Quattro ragazzi di Athens, Georgia (USA), pubblicano un album inizialmente inosservato ma poi rivalutato anzitutto perché degno sèguito del loro esordio discografico: “Murmur”, un LP che gli fa subito  guadagnare i primi ed inaspettati giudizi positivi (la rivista Rolling Stone lo giudica nientemeno che “disco dell’anno”). Questo accadeva trent’anni fa. Il nome dei quattro georgiani: R.E.M.; quello dell’album dato alle stampe nell’aprile ’84: “Reckoning”.

Registrato nel giro di sole due settimane, il secondo lavoro dei R.E.M. è del tutto avulso dalle sonorità degli esordi (“Radio Free Europe”, singolo dell’81, e “Chronic Town”, EP dell’82) e si rivela più immediato e meno scarno di “Murmur”: Il suono –affidato alla produzione Easter&Dixon– è però lo stesso: povero, monocorde, costruito attorno alla voce di Michael Stipe e al jingle-jangle byrdsiano della Rickenbacher di Peter Buck. Si tratta però di una fase di transizione proiettata verso nuovi orizzonti compositivi che iniziano ad intravedersi già in alcuni brani dell’album in questione. E forse anche per questo “Reckoning” va riascoltato, oggi, col senno di poi.

Già a partire dalla prima traccia (“Harborcoat”) s’intuisce che il passo, rispetto agli esordi, è un altro e lo conferma il nuovo clima di canzoni come “So. Central Rain (I’m Sorry)” (il “papà” dei classici che negli anni a seguire verranno sfornati da Stipe&Co.) e “Time After Time (Annelise)” (probabilmente uno dei pezzi più ispirati del gruppo). Poi ci sono i brani da ascoltare tutti d’un fiato: “Pretty Persuasion” e “Second Guessing”, con i loro refrain concisi e ripetitivi. Ma si tratta di momenti subito stoppati da quello che forse rappresenta uno dei primi capolavori dei R.E.M., “Camera”, che –assieme a “So. Central Rain”– risente dell’improvvisa scomparsa della fotografa Carol Levy, amica della band. Infine non può non mancare l’hit-single (qui a firma di Mike Mills): “(Don’t Go Back To) Rockville”.
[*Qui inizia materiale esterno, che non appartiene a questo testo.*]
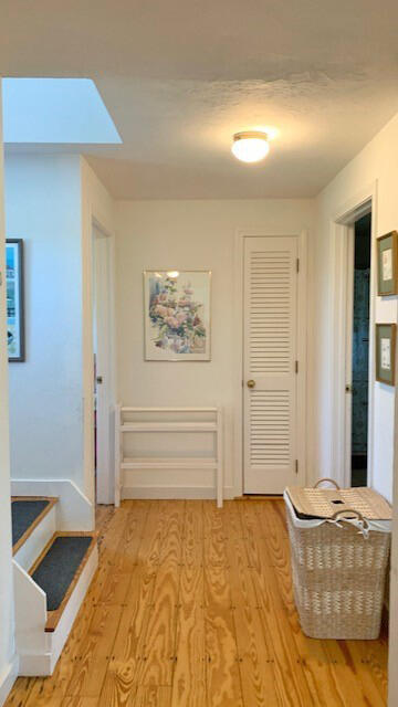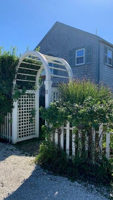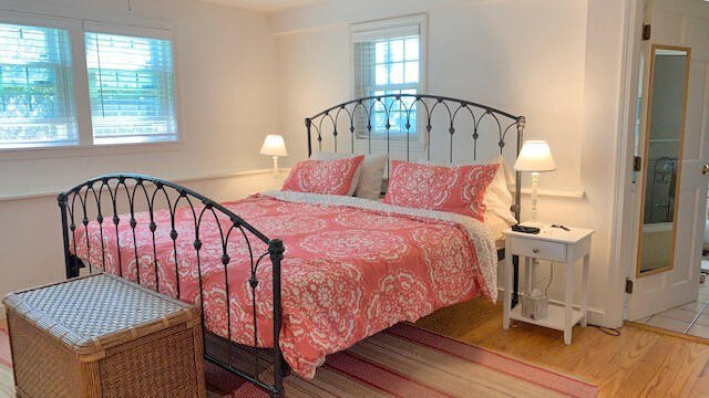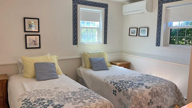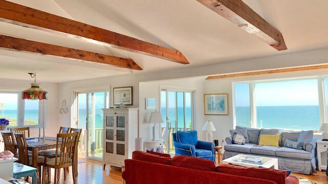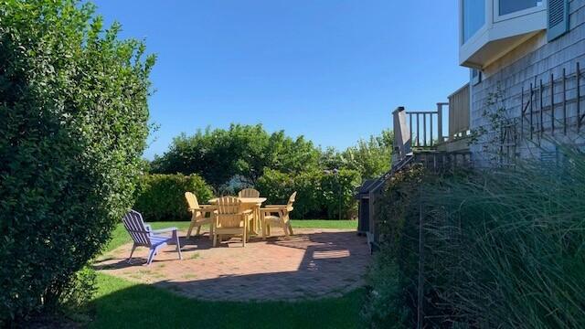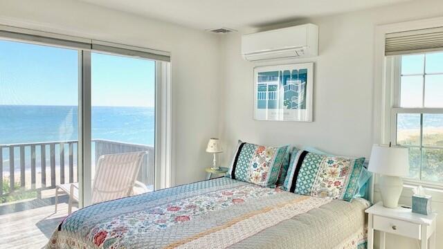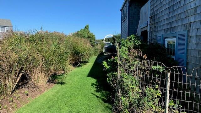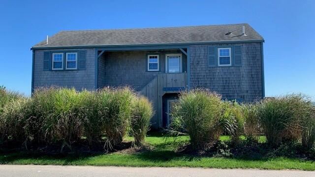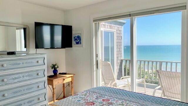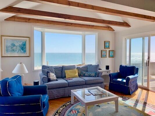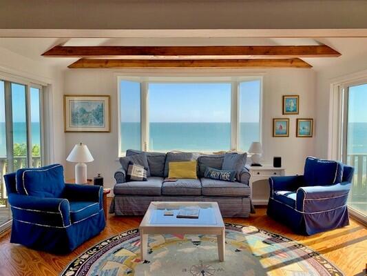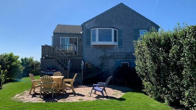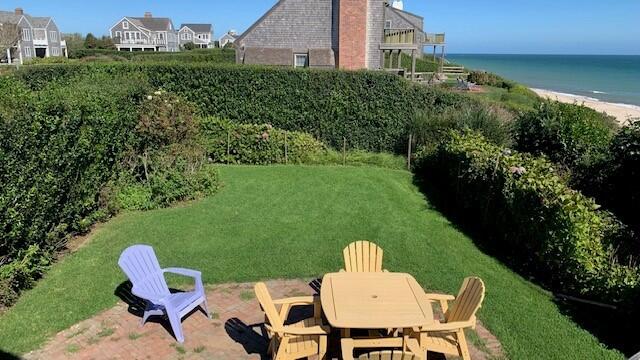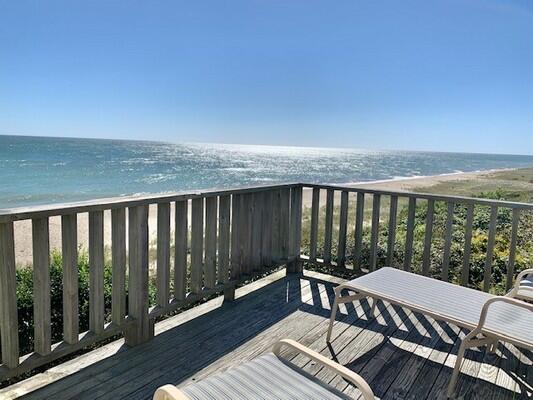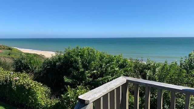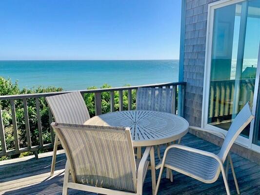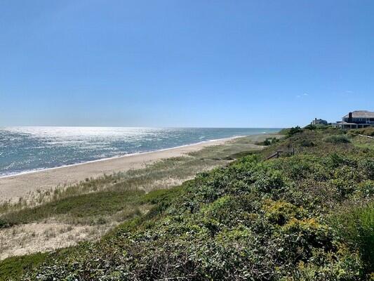 Contemporary beach house on the bluff in Tom Nevers. First floor: King master bedroom w/fireplace/ensuite; Twin bedroom, bedroom w/trundle, bath.. Second floor: Open kitchen/living/dining with deck access; queen bedroom with deck access, bath. Brick patio. 180 degree ocean views from second floor decks. Shared steps to the beach are 100 yards away..
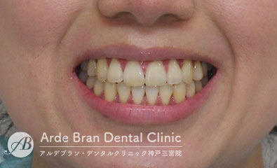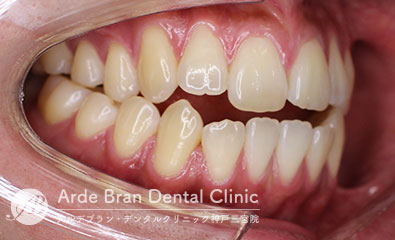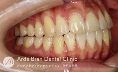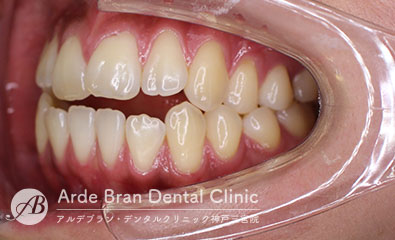 - 前歯の挺出(歯の先端方向への移動)と奥歯の圧下(歯の歯茎方向への移動)を行う事によって改善していきます。

“Reckoning”, come molti della produzione R.E.M., rappresenta indubbiamente una pietra miliare quantomeno per il tentativo, da parte della band, di recuperare la tradizione americana, del folk e del rock delle radici; complessivamente è un album malinconico e quasi, emozionalmente, diafano. Acutamente ristampato nel ‘92 (nonché alcuni anni fa, in occasione del venticinquennale) con l’aggiunta di inediti e live-tracks, a distanza di trent’anni è ancora lì: per niente invecchiato e ricco delle sue gemme di rara intensità.